= Problem details =
Pictures in the data should be dropped; transcribe exactly the lines from the one that has "落成・仕入の入力で未収の管理ができます。" through the one that has "The sale countdown".

= Data under study =
************
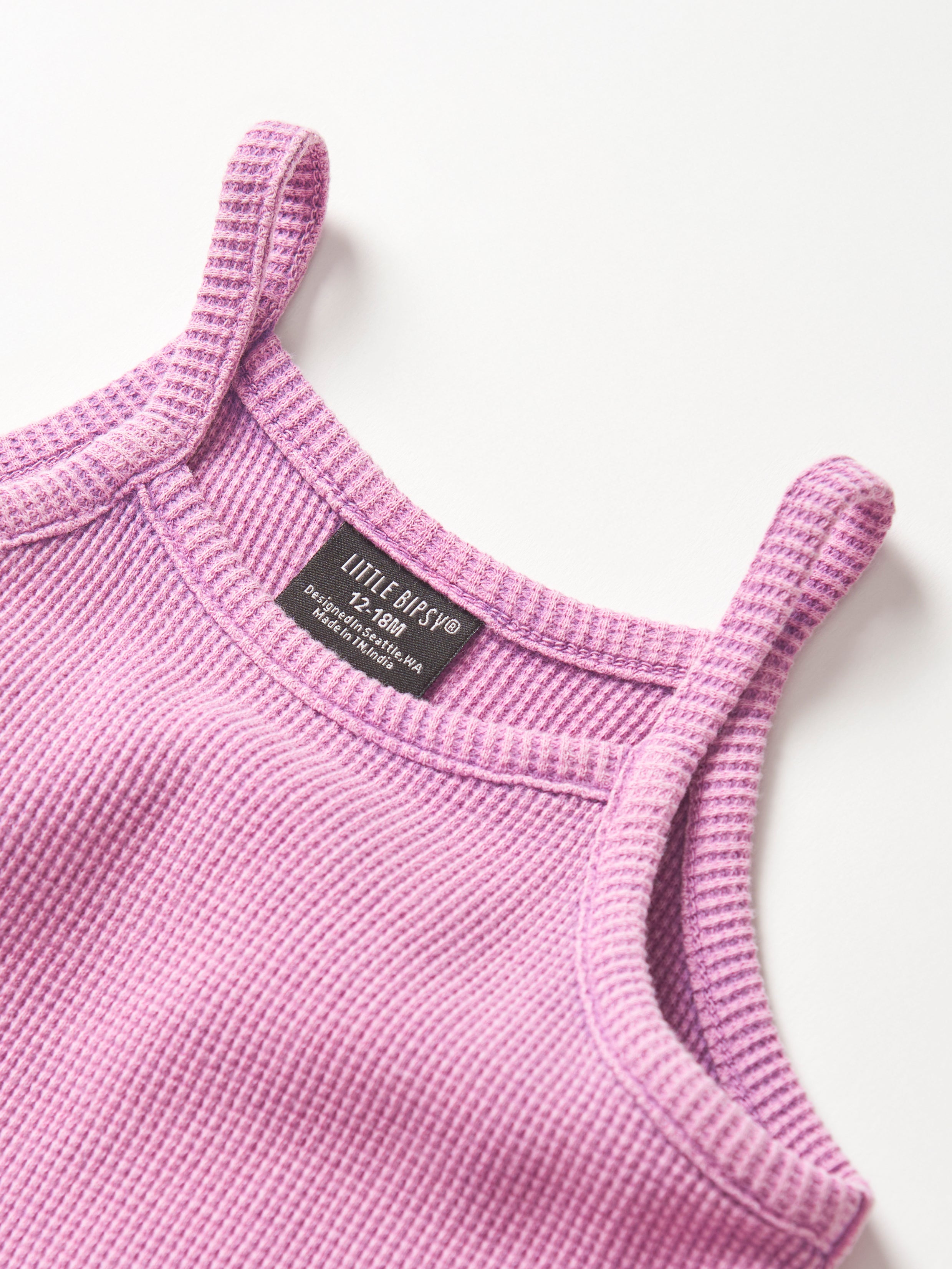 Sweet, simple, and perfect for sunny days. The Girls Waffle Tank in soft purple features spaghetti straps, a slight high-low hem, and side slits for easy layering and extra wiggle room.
************
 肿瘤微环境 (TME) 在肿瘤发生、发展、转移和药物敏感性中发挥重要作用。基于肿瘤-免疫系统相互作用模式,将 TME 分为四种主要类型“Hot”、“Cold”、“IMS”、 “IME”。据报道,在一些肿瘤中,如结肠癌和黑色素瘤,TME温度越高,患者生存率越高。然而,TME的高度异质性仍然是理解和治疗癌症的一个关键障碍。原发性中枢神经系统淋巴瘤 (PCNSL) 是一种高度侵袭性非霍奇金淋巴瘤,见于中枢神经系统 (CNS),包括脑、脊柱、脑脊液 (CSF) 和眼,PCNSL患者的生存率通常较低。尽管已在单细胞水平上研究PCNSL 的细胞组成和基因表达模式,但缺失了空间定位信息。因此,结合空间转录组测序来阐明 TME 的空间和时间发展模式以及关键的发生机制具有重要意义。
************
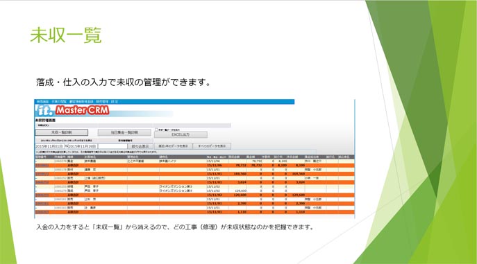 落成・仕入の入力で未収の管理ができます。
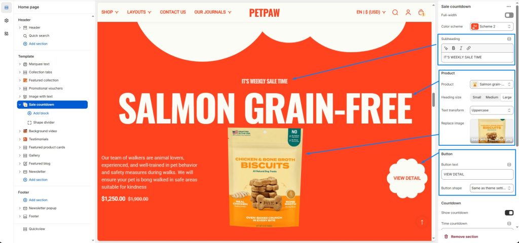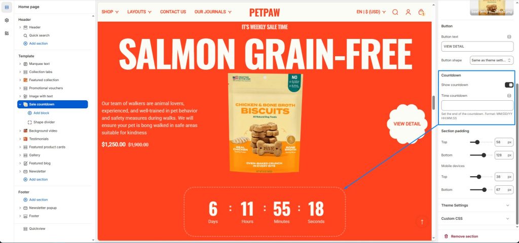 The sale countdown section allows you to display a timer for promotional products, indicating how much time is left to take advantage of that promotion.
************
= Answer below =
 落成・仕入の入力で未収の管理ができます。
 The sale countdown section allows you to display a timer for promotional products, indicating how much time is left to take advantage of that promotion.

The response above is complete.